First Communion Sunday Part 1

 Today, Sunday May the 15th, is the last major event in my ministry here in Wiki... and even though there's a bit of sadness in my heart as I'm getting closer to saying my final goodbyes to these kids and this community, it will probably be the easiest event to coordinate since these kids are so perfectly behaved. They came to the Church -both grade 3 classes- on Friday for First Confession with Fr Doug, and I couldn't believe how perfect they were...they all sat quietly in the Church as one by one, each kid  went up to the altar to reveal to Father Doug one small thing that they were sorry for.They behaved brilliantly. Of course, there were teachers there  to ensure everyone was on their best behaviour, but overall, I think the students  were all happy and excited to be there and to be on their best behaviour.Some were actually quite adorable as they rushed or skipped to the alter with a big smile on their face!! Both Mr Howard -one of the teachers, and also a good friend of mine in Wiki- and I were laughing at the fact that some of the students went up to see Fr Doug, and as he spoke to them (asking them if they had done a bad thing recently) they vigorously shook their head. One girl in particular, I had to refrain from saying  in a loud voice"Oh Come on, it can't be THAT hard for you to find ONE thing you did wrong!!" (she's a bit of a rascal (for lack of better word) in class sometimes!!). Doug later confirmed that a few of them insisted they had nothing to confess, and so he just sent them back to their seats!! Part of their charm I suppose!!

 And it is that charm that of theirs that warms me even more on this brilliant Sunday morning, and is going to make it so hard for me to say goodbye to them. I was concerned that the weather wouldn't cooperate with the celebration..but it looks like we may have an absolutely perfect Spring day in Wiki!!It matches the mood of the kids around this celebration perfectly! One of my students -Maya- has been excitedly telling me weeks how much she was looking forward to this, that she got her ears pierced and was going to get a new dress for this etc... and although she's been one of the most vocal ones about the event, I have a feeling she speaks for most of students!!

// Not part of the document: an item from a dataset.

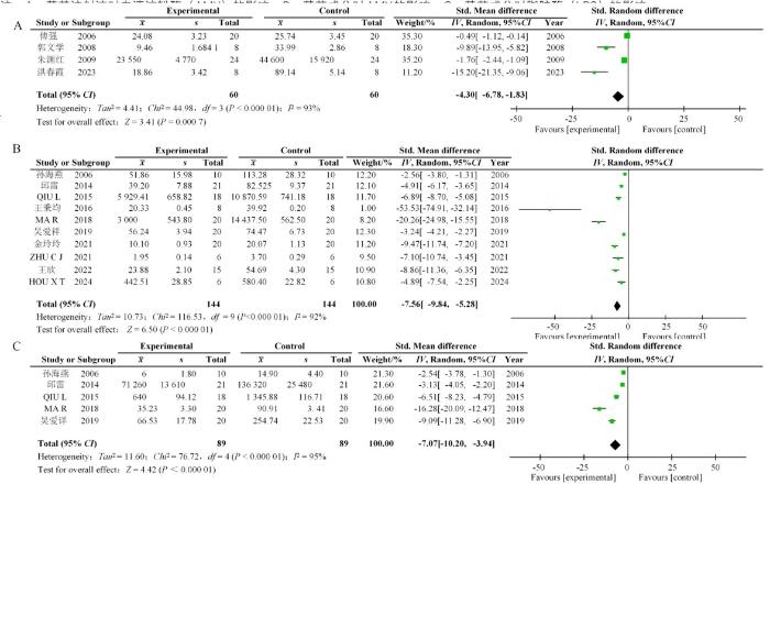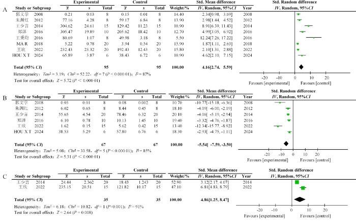 共有8篇文献报道了黄芪注射液或黄芪成分在AP疾病进展中对氧化/抗氧化平衡相关氧化因子的影响。其中8篇文献均涉及超氧化物歧化酶(superoxide dismutase,SOD)指标,Meta分析结果显示,黄芪注射液或黄芪成分能抑制SOD的下调[SMD=4.16,95%CI(2.74,5.59)](图5A);有6篇文献报道了黄芪注射液或黄芪成分对丙二醛(malondialdehyde,MDA)的作用,Meta结果表明它们能降低MDA的水平[SMD=-5.54,95%CI(-7.59,-3.50)](图5B);有2篇文献显示黄芪注射液和黄芪总皂苷能抑制谷胱甘肽过氧化物酶(glutathione peroxidase,GSH-Px)的下调[SMD=4.86,95%CI(1.25,8.47)](图5C)。
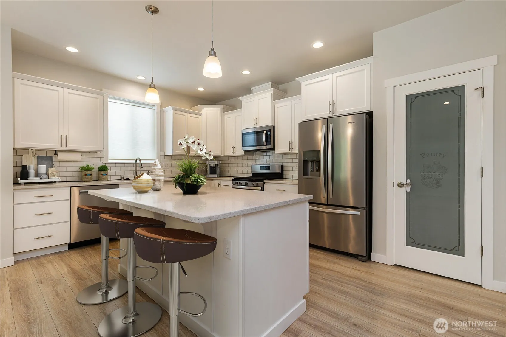 Welcome to this beautifully appointed rambler in the coveted Salish Breeze community. Nestled in a quiet cul-de-sac, this 3-bed, 2-bath home features 9-ft vaulted ceilings, an open concept layout, and a spacious primary suite with walk-in closet. The gourmet kitchen boasts quartz counters, a large island, and a brand-new dishwasher. Enjoy year-round comfort with newly installed AC. Step outside to a covered porch and a gardener’s paradise, fully fenced and backed by a greenbelt for added privacy. Minutes from trails, beaches, and a short drive to the US-Canada border for world-class dining and entertainment

 In truth, First communion has not been an as big of a deal as Confirmation for me: I don't have as big of a group to organize -no sponsors!-, I know the kids better so I'm not as worried about organizing them, there's no Bishop involved (-;, and Doug has been and will continue to be brilliantly supportive -or maybe I'm the one that's being brilliantly supportive to the community..I dunno!!-. But because of the excitement the kids have been feeling, I think I was a little more excited -and consequently, I was sleepless last night!!- about this one.
These, after all, truly were my kids for the past 4 months. No one has made me feel more welcome in Wiki than they have (Besides Fr Doug, obviously!). Not many have made me feel as appreciated and loved as they have (one of them continues to insist that I'm the best teacher she's ever had...though I think she's buttering me up because she wants a piggy back ride!!). I was especially taken aback by the 2nd group I teach...not only where they a little sharper in their knowledge of spiritual things than the first group, but they also surprised me on the last day. When I announced to the first group that it was going to be our last class together, some said "yay", others expressed their disappointment, but they were overall indifferent it seemed. In the 2nd class, when I made the announcement they all looked at me in complete silence, some with their jaws opened..almost as if they weren't expecting this news. I was as surprised by that reaction as I was in my first class with the other group when I told them I had homework for them, and they all in perfect unison said "yaaaaaaay" (it wasn't a heartfelt yay, but I figured they were too young for sarcasm, so I took that yay as an unexpected enthusiasm towards homework...of course by the next class, most of them had not done this homework!!).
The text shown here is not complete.